WORK INSTRUCTION: What is needed is the exact text of each line in the listing below from the one with "Figure 7(a,b) illustrates" up to and including the one with "The Union Minister", and no pictures.

RECORDS SUPPLIED:
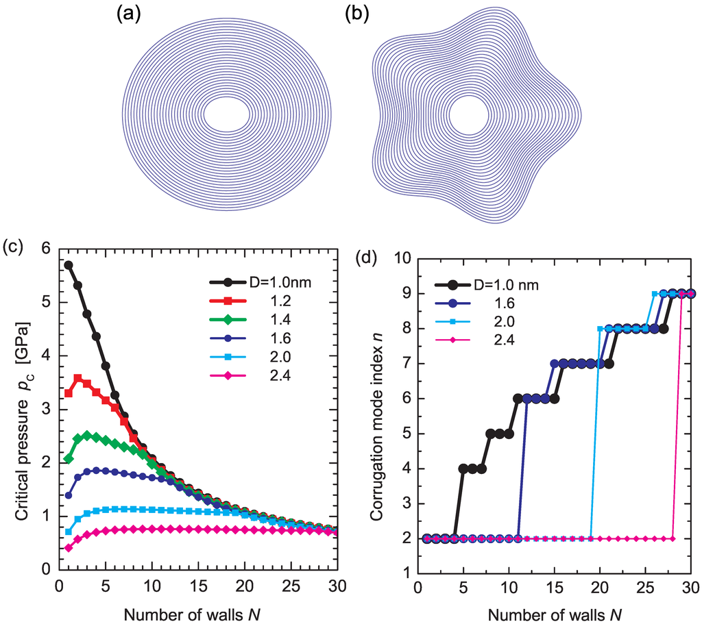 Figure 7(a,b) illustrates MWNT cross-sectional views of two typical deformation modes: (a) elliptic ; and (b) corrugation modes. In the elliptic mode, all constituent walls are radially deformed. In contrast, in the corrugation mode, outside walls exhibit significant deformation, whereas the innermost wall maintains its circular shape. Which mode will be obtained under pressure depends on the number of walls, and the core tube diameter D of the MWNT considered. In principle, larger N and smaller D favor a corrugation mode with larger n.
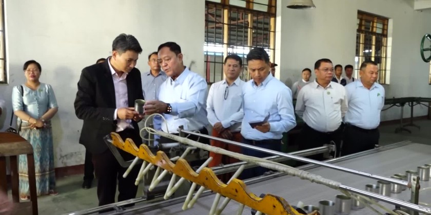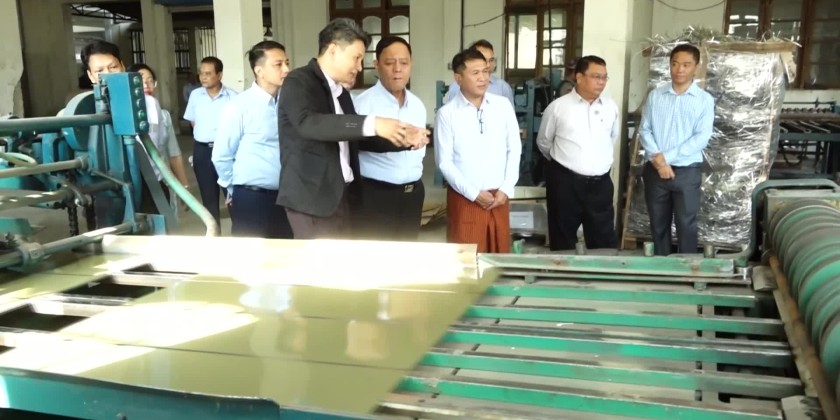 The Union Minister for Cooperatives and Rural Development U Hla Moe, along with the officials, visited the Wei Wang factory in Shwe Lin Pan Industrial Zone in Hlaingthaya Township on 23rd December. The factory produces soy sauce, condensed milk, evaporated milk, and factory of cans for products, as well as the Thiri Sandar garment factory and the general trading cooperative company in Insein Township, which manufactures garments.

* * *

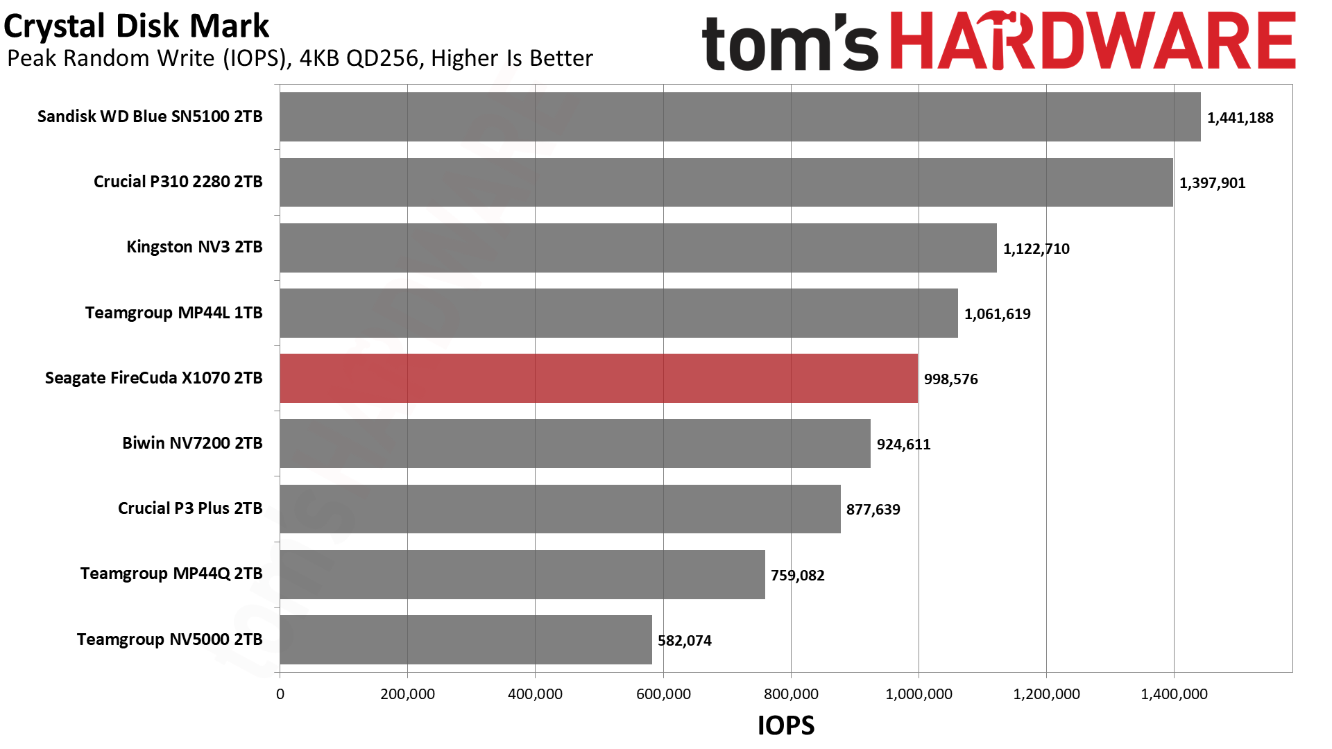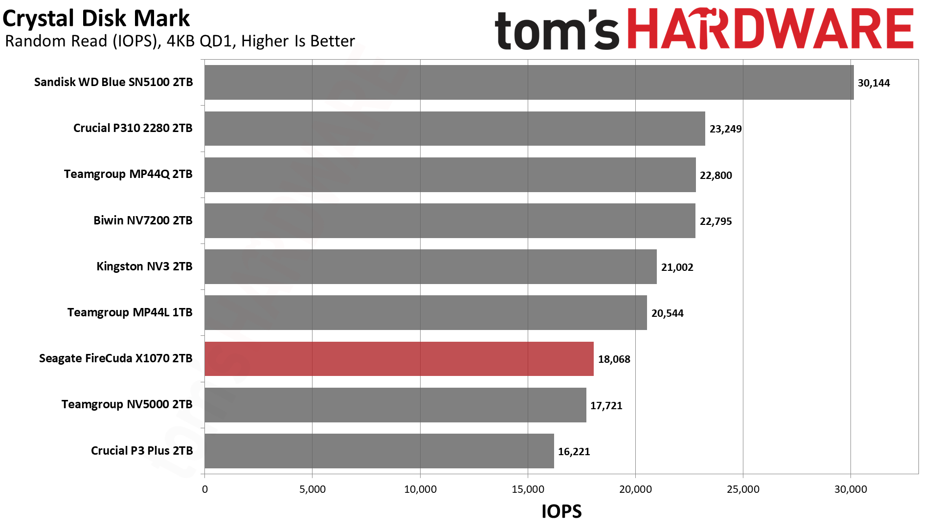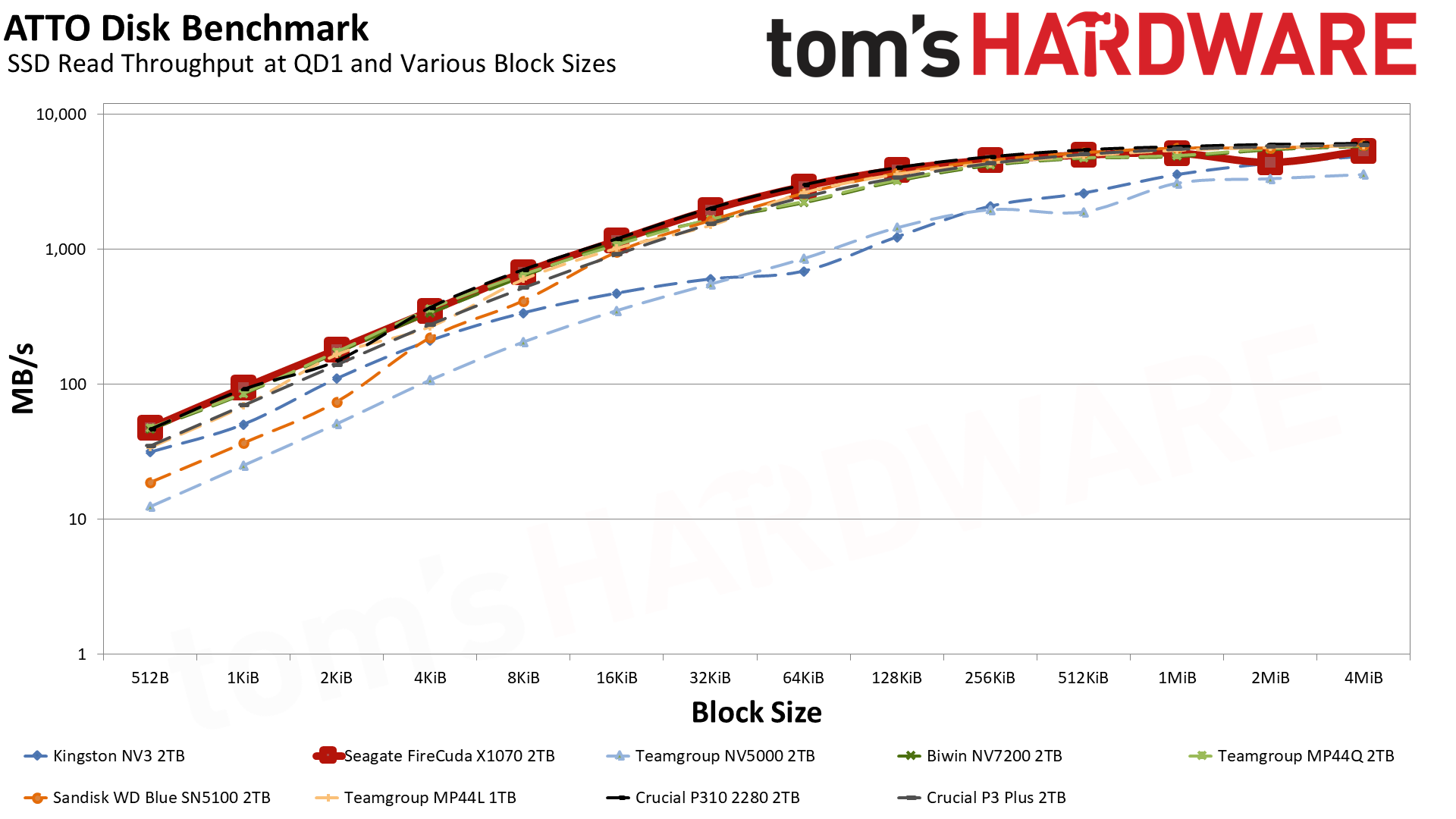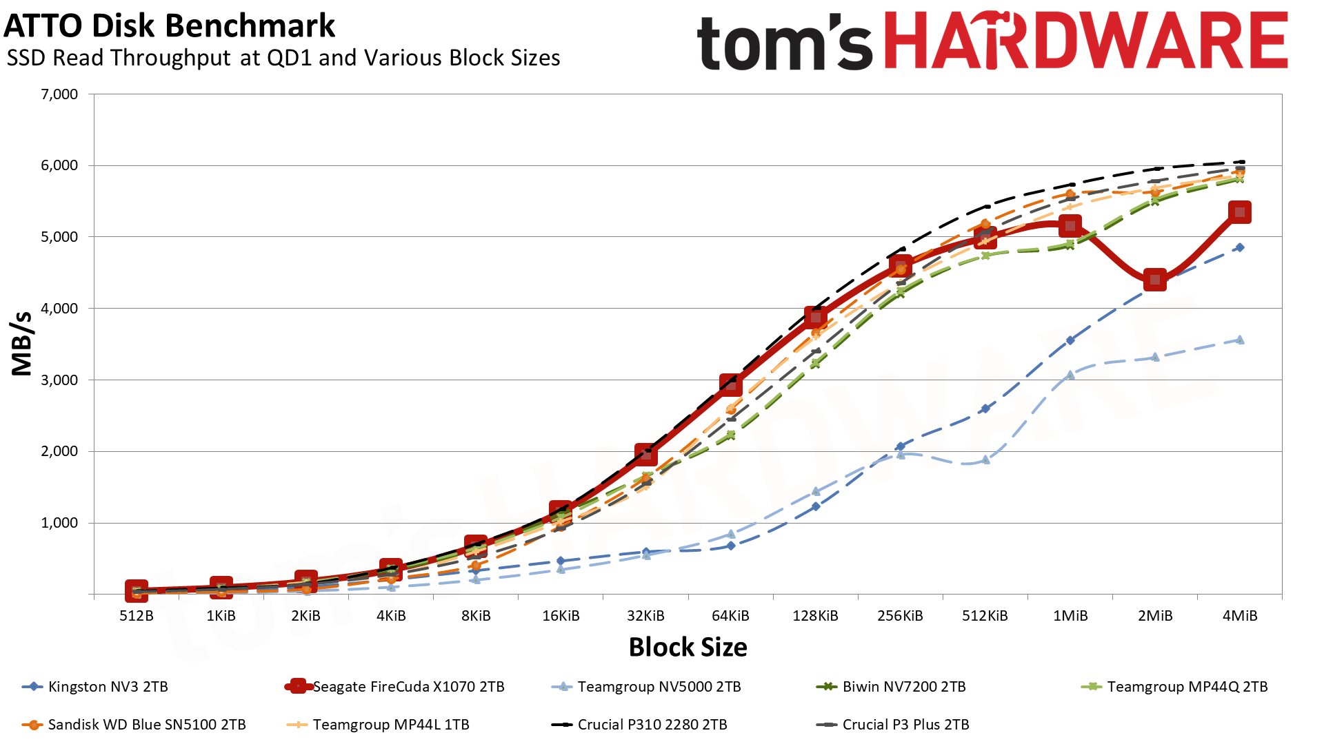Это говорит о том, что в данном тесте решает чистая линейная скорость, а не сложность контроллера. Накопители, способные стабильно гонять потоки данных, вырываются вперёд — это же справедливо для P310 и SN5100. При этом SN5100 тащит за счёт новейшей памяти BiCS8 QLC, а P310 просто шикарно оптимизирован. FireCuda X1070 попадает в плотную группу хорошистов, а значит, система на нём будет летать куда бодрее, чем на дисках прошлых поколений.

RESULT:
 Figure 7(a,b) illustrates MWNT cross-sectional views of two typical deformation modes: (a) elliptic ; and (b) corrugation modes. In the elliptic mode, all constituent walls are radially deformed. In contrast, in the corrugation mode, outside walls exhibit significant deformation, whereas the innermost wall maintains its circular shape. Which mode will be obtained under pressure depends on the number of walls, and the core tube diameter D of the MWNT considered. In principle, larger N and smaller D favor a corrugation mode with larger n.
 The Union Minister for Cooperatives and Rural Development U Hla Moe, along with the officials, visited the Wei Wang factory in Shwe Lin Pan Industrial Zone in Hlaingthaya Township on 23rd December. The factory produces soy sauce, condensed milk, evaporated milk, and factory of cans for products, as well as the Thiri Sandar garment factory and the general trading cooperative company in Insein Township, which manufactures garments.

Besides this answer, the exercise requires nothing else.